It was a short trading week, but it ended with a bang. Tuesday and Wednesday were relatively quiet days with a lot of back and forth between the bulls and bears. Then on Thursday and Friday, it was like the bulls were prodded with a hot iron. It was enough prodding to get the S&P 500 up .96% for the week. Below is the daily chart of the S&P 500.
A bull flag is correction or stall of upward price movement. We want to recognize them because they can be the middle of a two-legged move. If we use the flag as a measuring move, we get to a price of approximately 2470 on the S&P 500. Prices could get the target relatively quickly if the bulls continue to show their current enthusiasm. The next target price to the upside after the flag measured move would be approximately 2480, which is the height of the channel in which prices just broke out of.
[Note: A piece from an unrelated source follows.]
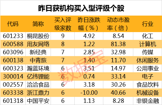 昨日机构研报共发布254条买入型评级记录,共涉及128只个股。桐昆股份关注度最高,共获9次机构买入型评级记录。

Market breadth picked up this week with price. The longer-term breadth oscillator looks bullish while the shorter-term breadth indicator is more bearish. The shorter-term indicator is at the levels in which the S&P 1500 stalled three out of the three last times. Look at the chart below:
The market has been so strong that each pull back has not necessarily been a big swing down in price, but a sideways resting in price. If the overbought condition of the oscillator holds true to the last readings, it suggests at least a sideways direction of prices for the next couple to few weeks. There are no major economic reports scheduled for this week.
The long and short-term trend is up. We are arguably in the breakout to tight channel phase of an uptrend on the daily time frame. The next price target is 2470 on the high side and bulls will want to keep price above the 2400 level to show strength.